● YOUR TASK
Retype the whole listing below exactly, keeping every picture out of it.

● DATA
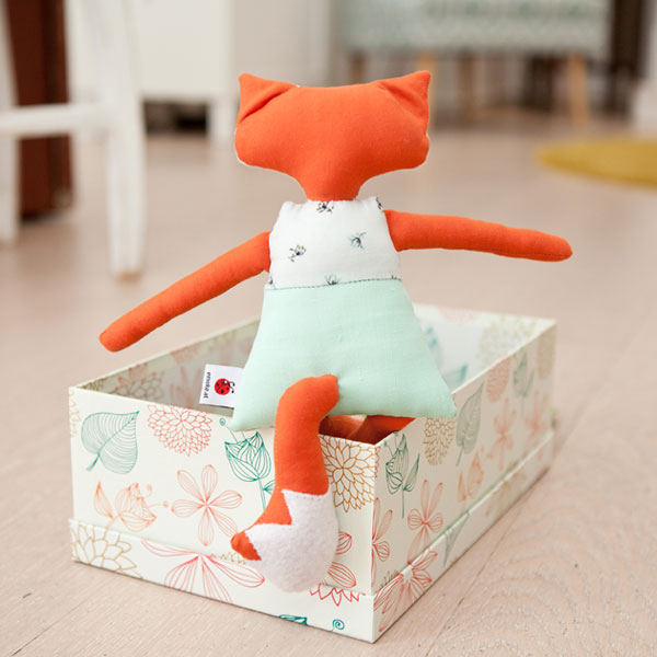 Darf ich vorstellen Fuchs Pia ihrer Spielkiste. Sie ist zwar eher ruhig und etwas zurückhaltend, aber wenn man sie erst einmal kennt, ein absolut treuer Wegbegleiter und richtiger Kuschelfreund. Wie alle unsere Tierkisten wird auch Pia in liebevoller Handarbeit für euch genäht. Sie ist dadurch ein absolutes Einzelstück und etwas ganz Besonderes. Sie ist ein ganz wunderbares Geschenk für Mädchen die ihre Puppen gerne an- und ausziehen, denn ihr findet für jede Jahreszeit und Gelegenheit die richtigen Accessoires mit in ihrer Schatzkiste. Nach einem langen Tag voller Spiele und Outfitwechsel kann man die Spielkiste ganz schnell in ein Bettchen verwandeln, denn drin sind auch ein Polster und eine Decke versteckt.
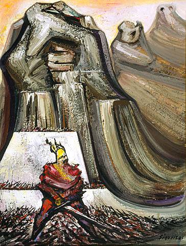 David Alfaro Siqueiro. Macbeth or The Criminal Panic. 1964. Duco on wood panel. For sale Mary Ann Martin/ Fine Art Gallery. Rightclicked from www.artnet.gallery searched thru www.artcyclopedia.com
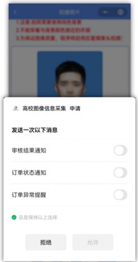 (4)照片初审。在拍摄完成或上传完成后,系统会生成带水印的初审照片,显示初审合格点击下一步,会弹出通知权限请求,请务必允许小程序发送审核结果、订单状态、订单异常提醒通知,避免对采集工作造成不必要的影响。

● ANSWER SPACE
 Darf ich vorstellen Fuchs Pia ihrer Spielkiste. Sie ist zwar eher ruhig und etwas zurückhaltend, aber wenn man sie erst einmal kennt, ein absolut treuer Wegbegleiter und richtiger Kuschelfreund. Wie alle unsere Tierkisten wird auch Pia in liebevoller Handarbeit für euch genäht. Sie ist dadurch ein absolutes Einzelstück und etwas ganz Besonderes. Sie ist ein ganz wunderbares Geschenk für Mädchen die ihre Puppen gerne an- und ausziehen, denn ihr findet für jede Jahreszeit und Gelegenheit die richtigen Accessoires mit in ihrer Schatzkiste. Nach einem langen Tag voller Spiele und Outfitwechsel kann man die Spielkiste ganz schnell in ein Bettchen verwandeln, denn drin sind auch ein Polster und eine Decke versteckt.
 David Alfaro Siqueiro. Macbeth or The Criminal Panic. 1964. Duco on wood panel. For sale Mary Ann Martin/ Fine Art Gallery. Rightclicked from www.artnet.gallery searched thru www.artcyclopedia.com
 (4)照片初审。在拍摄完成或上传完成后,系统会生成带水印的初审照片,显示初审合格点击下一步,会弹出通知权限请求,请务必允许小程序发送审核结果、订单状态、订单异常提醒通知,避免对采集工作造成不必要的影响。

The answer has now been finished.